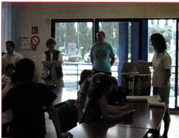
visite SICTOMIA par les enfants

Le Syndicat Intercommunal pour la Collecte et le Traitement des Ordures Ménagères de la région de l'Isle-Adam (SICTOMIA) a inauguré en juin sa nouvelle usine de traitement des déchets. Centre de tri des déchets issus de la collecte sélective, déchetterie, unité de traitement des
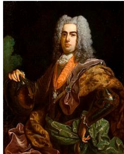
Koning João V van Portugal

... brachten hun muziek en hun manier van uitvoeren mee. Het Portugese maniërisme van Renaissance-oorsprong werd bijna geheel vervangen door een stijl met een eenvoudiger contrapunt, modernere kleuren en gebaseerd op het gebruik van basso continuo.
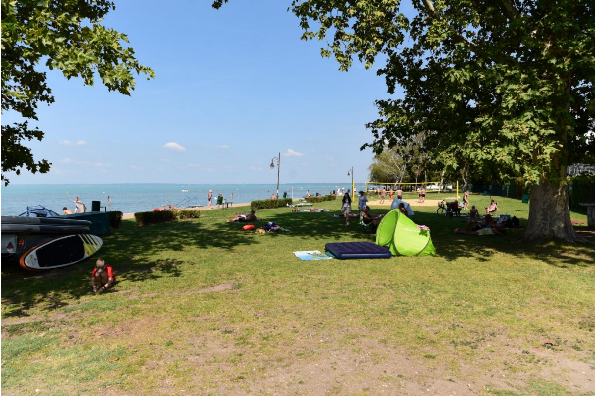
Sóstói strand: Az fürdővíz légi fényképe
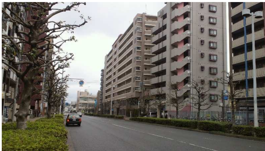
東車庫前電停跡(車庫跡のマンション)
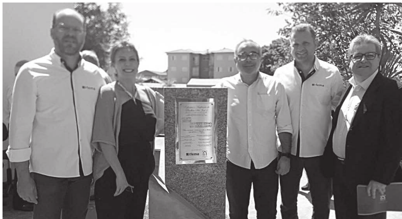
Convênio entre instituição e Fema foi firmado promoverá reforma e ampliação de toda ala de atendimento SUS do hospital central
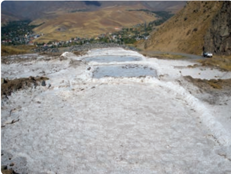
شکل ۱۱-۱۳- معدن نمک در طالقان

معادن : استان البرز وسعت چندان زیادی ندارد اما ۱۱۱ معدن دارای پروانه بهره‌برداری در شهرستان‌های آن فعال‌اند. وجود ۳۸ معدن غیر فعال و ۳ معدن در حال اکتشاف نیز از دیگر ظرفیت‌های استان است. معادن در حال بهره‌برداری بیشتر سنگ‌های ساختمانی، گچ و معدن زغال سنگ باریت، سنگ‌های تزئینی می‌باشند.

┄┄┄┄┄┄

Report each line in the entries where the string "SICTOMIA" occurs.

visite SICTOMIA par les enfants
Le Syndicat Intercommunal pour la Collecte et le Traitement des Ordures Ménagères de la région de l'Isle-Adam (SICTOMIA) a inauguré en juin sa nouvelle usine de traitement des déchets. Centre de tri des déchets issus de la collecte sélective, déchetterie, unité de traitement des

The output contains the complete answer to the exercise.